##### Information provided #####

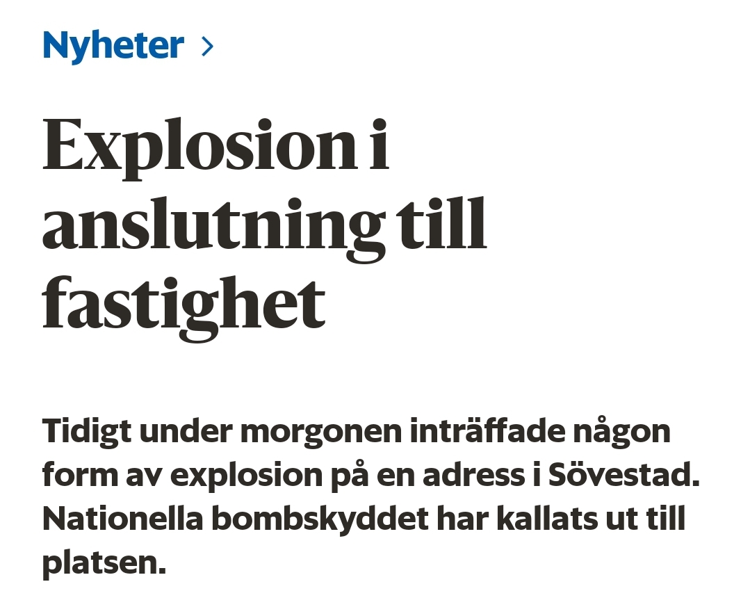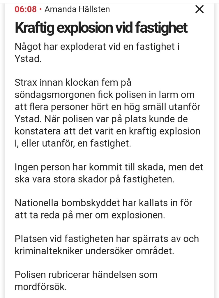 Vaknar till nyheten av att det skett en ”explosion” i min lilla byhåla som rubriceras som mordförsök och att nationella bombskyddet är på plats. Man tror inte sina ögon, men det är ett tydligt bevis på att det grova våldet sprider sig i landet och inget område är säkert. En bekant som bor på gatan där det smällde berättar att hon vaknade av att huset skakade och sängen lyfte. De två barnfamiljerna som bor på den drabbade adressen befann sig där när explosionen inträffade, men klarade sig dock utan skador.
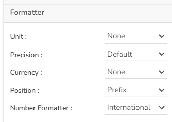 Position: Determine the position of the formatted value (e.g., before or after the number).
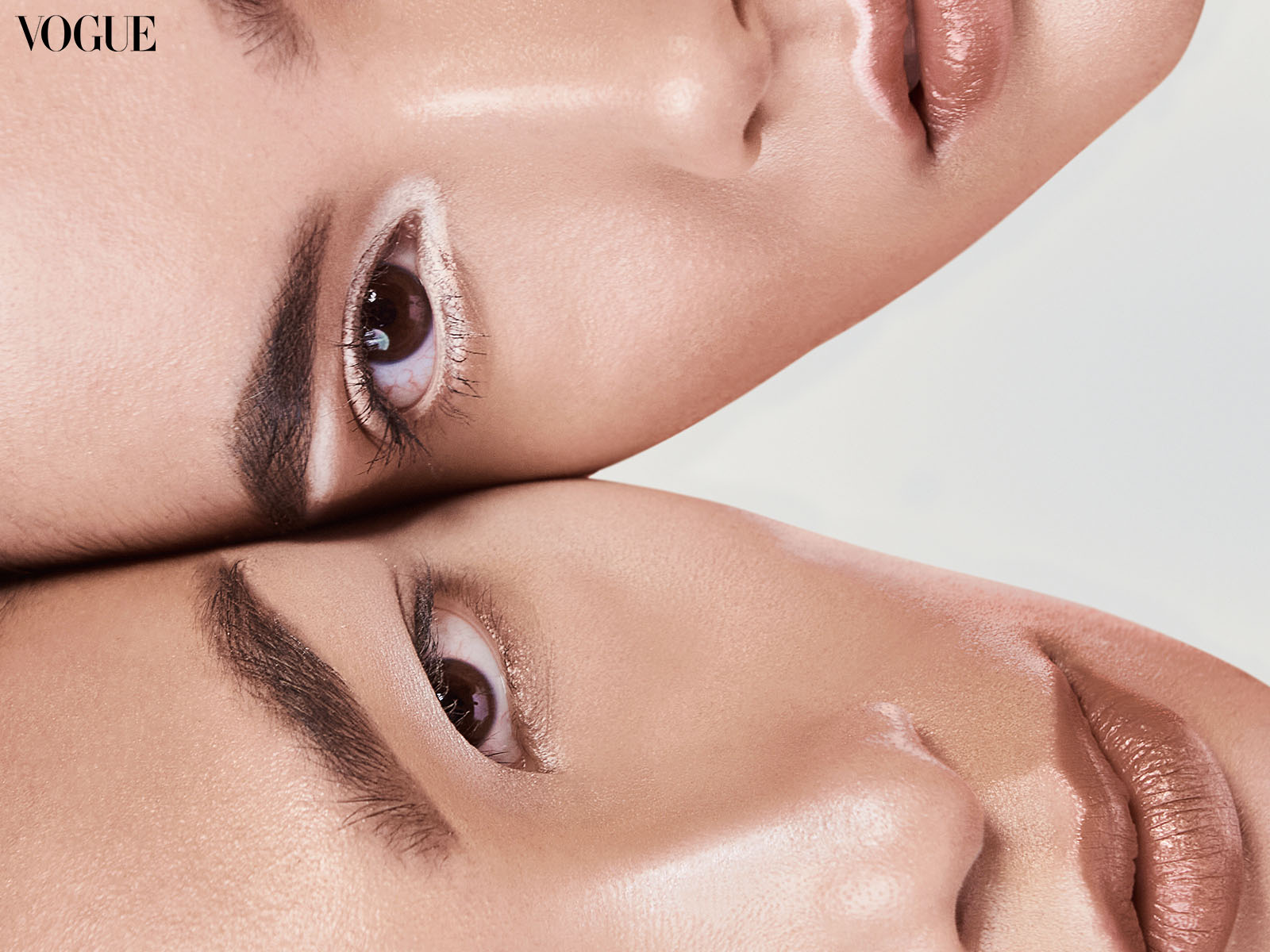 Usually, brows are mapped out using the three-point system from the crease of the nose, the outer part of the eye, and the edge of the nose to their parallel parts on the brow. “I don’t do it that way,” says Thomas. Instead, the artist follows the brow bone: plotting a line at the beginning of the brow and following the path where it curves. The method not only frames the ocular bone and the eyes but also “gives a natural lift on the ends and follows one’s precise face shape.”
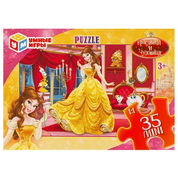 Классические пазлы в коробке «Красавица и Чудовище» ТМ «Умные игры» непременно понравятся маленьким любознайкам: - 35 деталей (mini) - размер готовой картинки: 175 х 130 мм - яркие цвета - все элементы хорошо и плотно соединяются друг с другом Данный пазл представляет собой игру-головоломку, в которой необходимо в правильной последовательности соединить элементы друг с другом и получить в результате красочную картинку с изображением красавицы Белль из известной сказки. Сборка пазлов - это очень увлекательное занятие, в процессе которого дети учатся искать и совмещать детали разной формы, с каждым разом делая это всё лучше и быстрее. Собирая пазлы ТМ «Умные игры», ребёнок будет развивать: - внимание - цветовое восприятие - логическое мышление - мелкую моторику - усидчивость Размер упаковки: 90 х 65 х 25 мм. Материал: картон. Рекомендовано детям от 3-х лет.
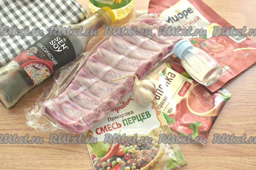 Рёбрышки складываем в миску, вливаем к ним соевый соус и добавляем кетчуп (или томатный соус), пропущенные через пресс (или натёртые на мелкой тёрке) зубчики чеснока, всыпаем специи, немного солим (помним, что мы используем соевый соус, который достаточно солёный).
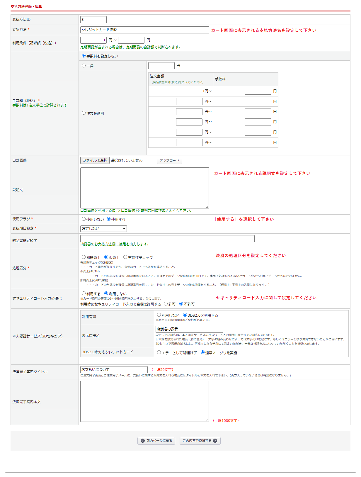 3Dセキュアに関する設定が行えます。詳細は<こちら>
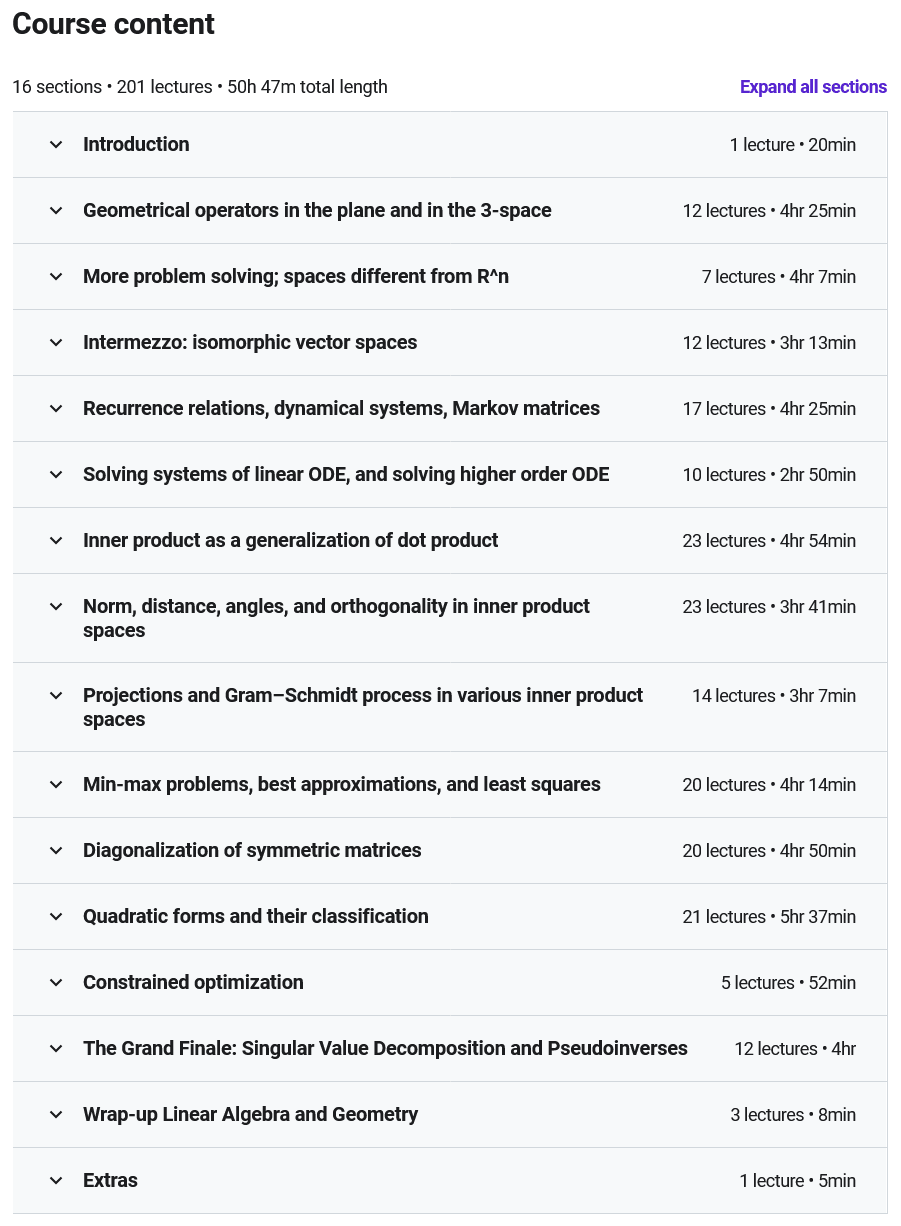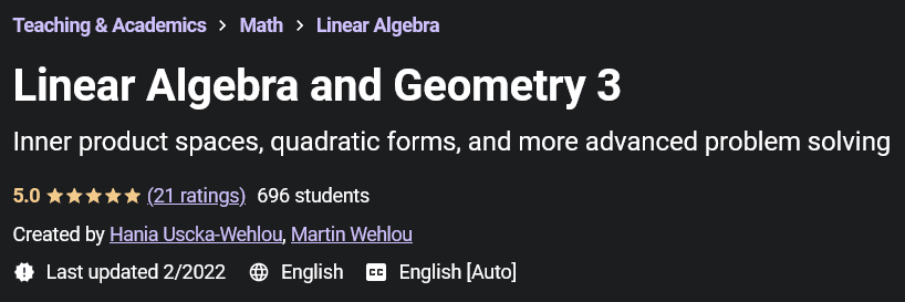 Linear Algebra and Geometry 3 是 Udemy Academy 出版的线性几何和代数培训系列的第三部分。本节还包括前面四个部分,分别是本征分解和谱分析、内积空间、对称矩阵和形式。它是方形的。 (二级图)。培训课程的课程是综合性的主题和实践,在课程过程中面临超过144个代数和几何领域的问题和挑战。在每个视频的结尾,您将看到一个有目的的练习。这些练习中的每一个都有一个完全直观的分步解决方案文件,用于检查和分析解决问题的不同方法。
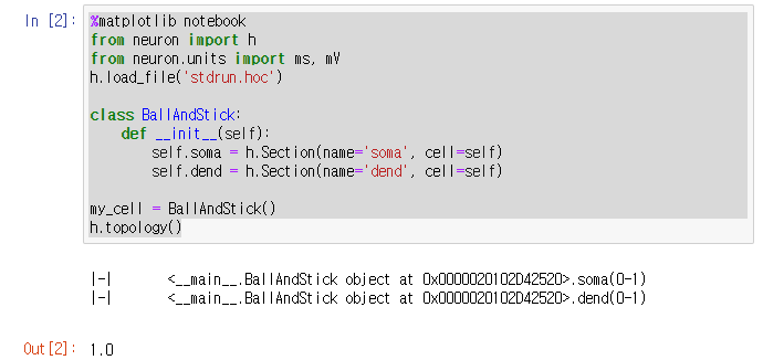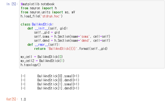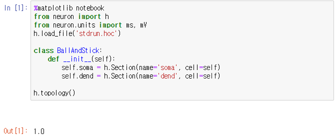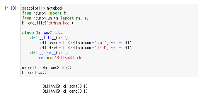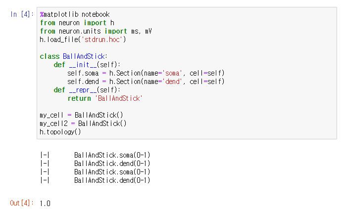 이렇게 BallAndStick 클래스를 선언하고 Section을 생성해야 합니다. __init__함수는 생성자입니다.
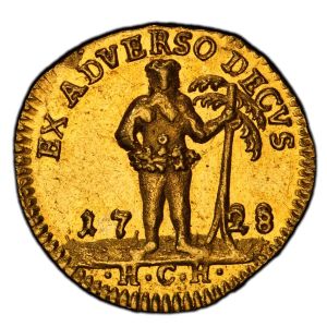 This specimen was lot 30191 in Stack's Bowers ANA sale (Chicago, August 2022), where it sold for $1,800. The catalog description[1] noted, "GERMANY. Brunswick-Luneburg: Brunswick. 1/4 Ducat, 1728-HCH. Brunswick Mint. Ludwig Rudolph (as Prince of Blankenburg). PCGS MS-63. An EXTREMELY RARE fractional gold issue, this shimmering specimen must undoubtedly be one of the finest extant. The strike is crisp and quite clear, and the luster radiates throughout. The nav[e]l of the wildman, rather interestingly, is quite pronounced, and the only real aspect needing to be mentioned is the slight planchet flaw at the upper left edge of the obverse. From the Robert C. Knepper Collection." Altho the wild man appears on many series of North German thalers, he rarely appears on gold coins. This scarce type is listed for Brunswick-Blankenburg for 1728 only altho some come undated. The duke succeeded to Brunswick-Wolfenbüttel in 1731 and merged the two duchies, ending the -Blankenburg series.

#####

* **Your instructions**: Please output the lines above beginning at the line with "Рёбрышки складываем в" and ending after the line with "Linear Algebra and", precisely as written and with no pictures.

* **Solution for this task**:
 Рёбрышки складываем в миску, вливаем к ним соевый соус и добавляем кетчуп (или томатный соус), пропущенные через пресс (или натёртые на мелкой тёрке) зубчики чеснока, всыпаем специи, немного солим (помним, что мы используем соевый соус, который достаточно солёный).
 3Dセキュアに関する設定が行えます。詳細は<こちら>
 Linear Algebra and Geometry 3 是 Udemy Academy 出版的线性几何和代数培训系列的第三部分。本节还包括前面四个部分,分别是本征分解和谱分析、内积空间、对称矩阵和形式。它是方形的。 (二级图)。培训课程的课程是综合性的主题和实践,在课程过程中面临超过144个代数和几何领域的问题和挑战。在每个视频的结尾,您将看到一个有目的的练习。这些练习中的每一个都有一个完全直观的分步解决方案文件,用于检查和分析解决问题的不同方法。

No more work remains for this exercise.